Representation of characters
So, how to represent it in the Go language character?
Go language use in single quotes to represent characters, for example 'j'
.
byte
If you want to indicate byte
the type of characters you can use byte
keywords to specify the type of character variables:
var byteC byte = 'j'
复制代码
And because byte
essentially cosmetic uint8
, it can be directly converted to an integer value. In the format specifier we use %c
represent characters, %d
represent integers:
// 声明 byte 类型字符
var byteC byte = 'j'
fmt.Printf("字符 %c 对应的整型为 %d\n", byteC, byteC)
// Output: 字符 j 对应的整型为 106
复制代码
rune
And byte
the same, I want to declare rune
the type of characters you can use rune
keyword specify:
var runeC rune = 'J'
复制代码
But if neither of the character type when you declare a variable, Go It is the default rune
type :
runeC := 'J'
fmt.Printf("字符 %c 的类型为 %T\n", runeC, runeC)
// Output: 字符 J 的类型为 int32
复制代码
Why do we need two types?
Here you see might ask, since the characters are used to represent, why do you need two types of it?
We know that byte
one byte, so it can be used to represent ASCII characters. And UTF-8 is a variable-length encoding methods, the character length ranging from 1 byte to 4 bytes . byte
Obviously not good at such a representation, even if you want to use more byte
were expressed, you have no way of knowing UTF-8 character you have to deal with exactly accounted for a few bytes.
So, if you arrogantly interception on the Chinese string, will be garbled output:
testString := "你好,世界"
fmt.Println(testString[:2]) // 输出乱码,因为截取了前两个字节
fmt.Println(testString[:3]) // 输出「你」,一个中文字符由三个字节表示
复制代码
Then you need rune
help.
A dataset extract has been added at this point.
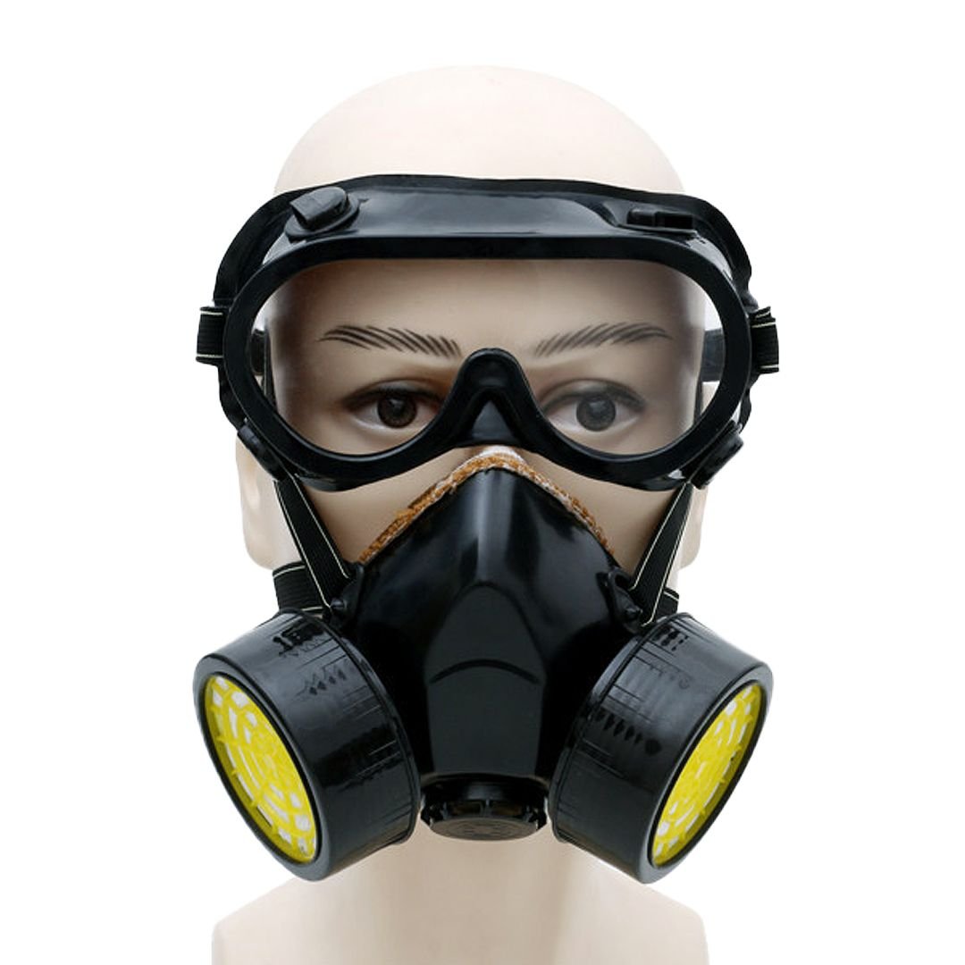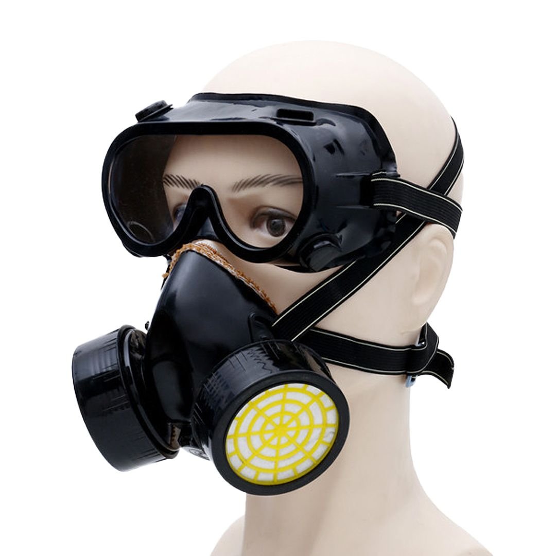 The safety goggles feature a clear, impact-resistant lens with a secure seal to protect the eyes while maintaining excellent visibility. The dual-canister respirator mask is made from soft, thermoplastic material for a comfortable and airtight fit. Equipped with low-resistance breathing valves and activated carbon filters, it ensures smooth airflow while efficiently filtering toxic gases and dust.

Using []rune()
the string into Unicode code point then taken, in which case the string of UTF-8 characters containing no need to consider:
testString := "你好,世界"
fmt.Println(string([]rune(testString)[:2])) // 输出:「你好」
复制代码
Tips: Unicode and ASCII as a character set, UTF-8 is a coding.
Traversal strings
String run through two ways, one is the index traversal, one is used range
.
Subscript traversal
Since, in Go, the string in UTF-8 encoding storage, using len()
the function acquiring string length, to obtain that the UTF-8 encoded string length in bytes, will produce a string of the index mark by byte . Thus, if the UTF-8 encoded string of characters contained, will be garbled:
testString := "Hello,世界"
for i := 0; i < len(testString); i++ {
c := testString[i]
fmt.Printf("%c 的类型是 %s\n", c, reflect.TypeOf(c))
}
/* Output:
H 的类型是 uint8(ASCII 字符返回正常)
e 的类型是 uint8
l 的类型是 uint8
l 的类型是 uint8
o 的类型是 uint8
ï 的类型是 uint8(从这里开始出现了奇怪的乱码)
¼ 的类型是 uint8
的类型是 uint8
ä 的类型是 uint8
¸ 的类型是 uint8
的类型是 uint8
ç 的类型是 uint8
的类型是 uint8
的类型是 uint8
*/
复制代码
range
range
Traversal will get rune
the type of character:
testString := "Hello,世界"
for _, c := range testString {
fmt.Printf("%c 的类型是 %s\n", c, reflect.TypeOf(c))
}
/* Output:
H 的类型是 int32
e 的类型是 int32
l 的类型是 int32
l 的类型是 int32
o 的类型是 int32
, 的类型是 int32
世 的类型是 int32
界 的类型是 int32
*/
复制代码
to sum up
- Go language has no notion of character, a character is a bunch of bytes , it may be a single-byte (ASCII character set), there may be more than one byte (Unicode character set)
byte
It isuint8
an alias for a length of 1 byte, ASCII characters used to representrune
It isint32
an alias, a length of 4 bytes, for indicating in UTF-8 encoded Unicode code point- String is taken bytes
- The subscript index byte string generated
- You want to iterate
rune
character type, userange
the method to traverse
Reference material
- Ruan Yifeng: Unicode and JavaScript Detailed
- The Go Blog - Strings, bytes, runes and characters in Go
If you think the article is well written, please help me two small favors:
- Thumbs up and follow me, let this article be more people to see
- No public concern " program to save the world ," the first time you push to get new articles
I am writing to encourage you is the greatest motivation, thank you!